> [What needs to be done]: Exactly as written, return all the data, leaving its pictures behind.

> [Dataset records]:
------------------------------
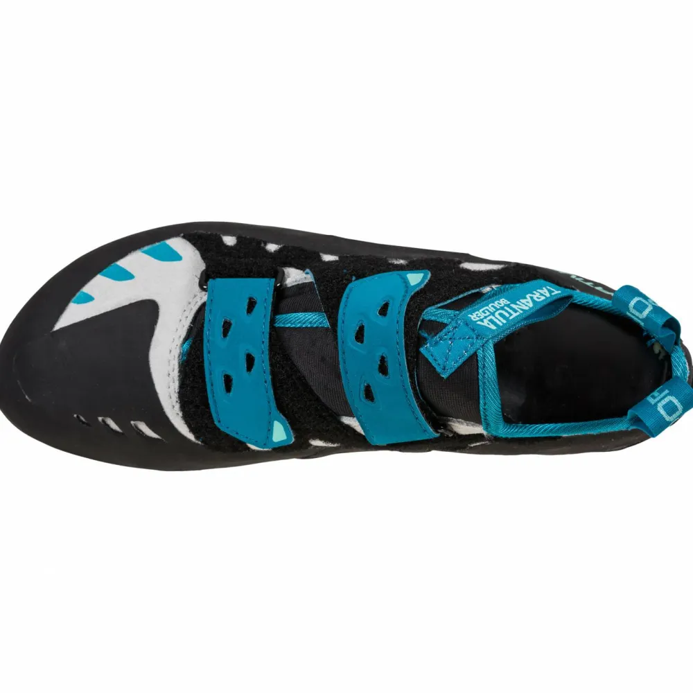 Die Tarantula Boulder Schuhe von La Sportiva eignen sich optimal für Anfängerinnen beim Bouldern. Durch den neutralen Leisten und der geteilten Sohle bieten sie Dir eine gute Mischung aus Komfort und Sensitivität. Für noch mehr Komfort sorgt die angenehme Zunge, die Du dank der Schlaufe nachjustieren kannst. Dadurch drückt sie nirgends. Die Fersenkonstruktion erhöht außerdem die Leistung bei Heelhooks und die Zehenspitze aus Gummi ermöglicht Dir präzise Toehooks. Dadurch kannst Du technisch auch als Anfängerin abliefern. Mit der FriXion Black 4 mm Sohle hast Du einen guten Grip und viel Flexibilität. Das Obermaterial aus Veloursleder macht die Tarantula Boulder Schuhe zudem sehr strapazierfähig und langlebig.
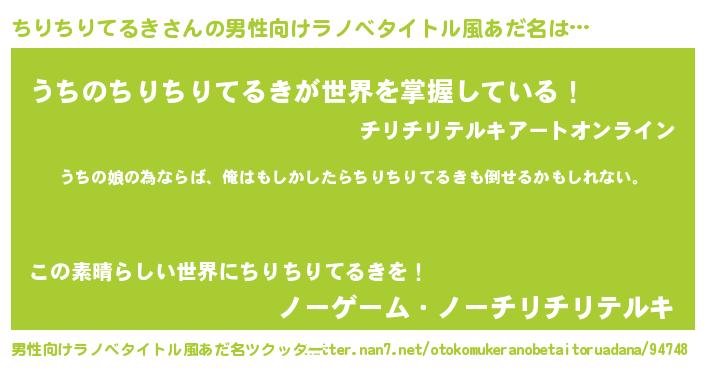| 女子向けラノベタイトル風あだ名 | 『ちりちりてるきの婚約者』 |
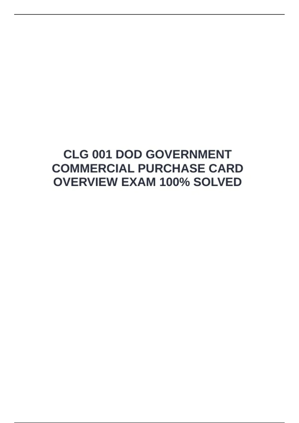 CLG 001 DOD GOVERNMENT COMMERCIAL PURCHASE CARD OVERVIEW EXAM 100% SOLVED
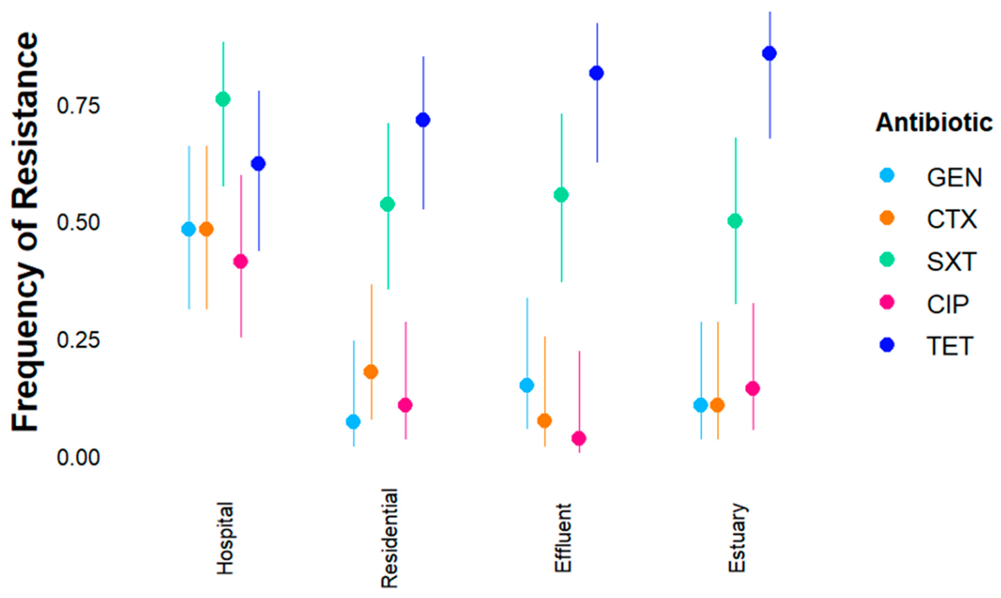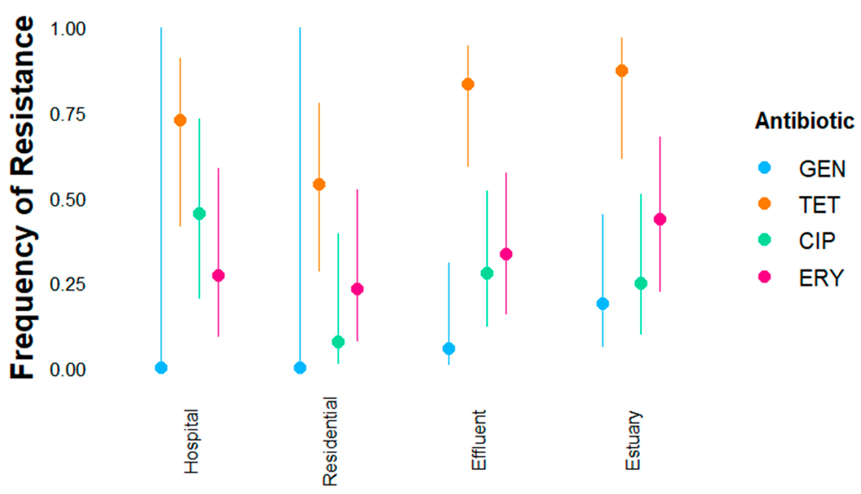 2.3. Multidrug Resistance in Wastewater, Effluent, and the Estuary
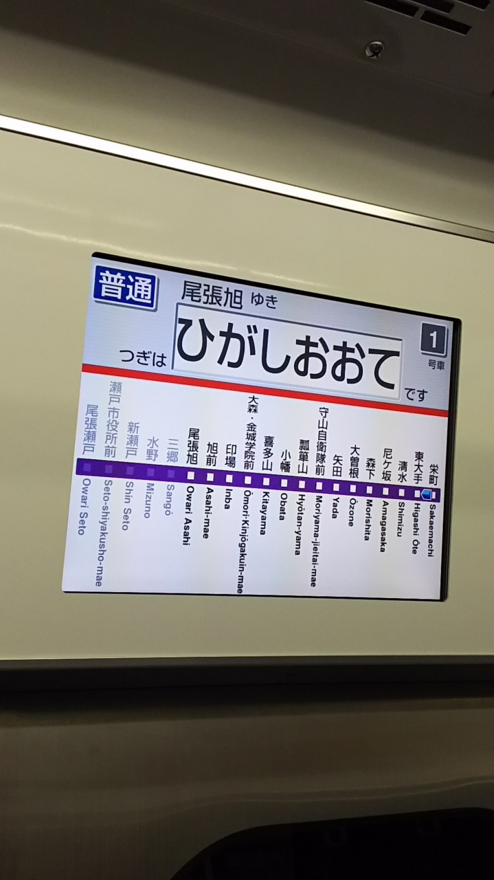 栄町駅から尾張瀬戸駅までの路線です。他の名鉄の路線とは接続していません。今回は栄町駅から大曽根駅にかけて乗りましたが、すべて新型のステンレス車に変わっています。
------------------------------
> [Reply to the task]:
 Die Tarantula Boulder Schuhe von La Sportiva eignen sich optimal für Anfängerinnen beim Bouldern. Durch den neutralen Leisten und der geteilten Sohle bieten sie Dir eine gute Mischung aus Komfort und Sensitivität. Für noch mehr Komfort sorgt die angenehme Zunge, die Du dank der Schlaufe nachjustieren kannst. Dadurch drückt sie nirgends. Die Fersenkonstruktion erhöht außerdem die Leistung bei Heelhooks und die Zehenspitze aus Gummi ermöglicht Dir präzise Toehooks. Dadurch kannst Du technisch auch als Anfängerin abliefern. Mit der FriXion Black 4 mm Sohle hast Du einen guten Grip und viel Flexibilität. Das Obermaterial aus Veloursleder macht die Tarantula Boulder Schuhe zudem sehr strapazierfähig und langlebig.
| 女子向けラノベタイトル風あだ名 | 『ちりちりてるきの婚約者』 |
 CLG 001 DOD GOVERNMENT COMMERCIAL PURCHASE CARD OVERVIEW EXAM 100% SOLVED
 2.3. Multidrug Resistance in Wastewater, Effluent, and the Estuary
 栄町駅から尾張瀬戸駅までの路線です。他の名鉄の路線とは接続していません。今回は栄町駅から大曽根駅にかけて乗りましたが、すべて新型のステンレス車に変わっています。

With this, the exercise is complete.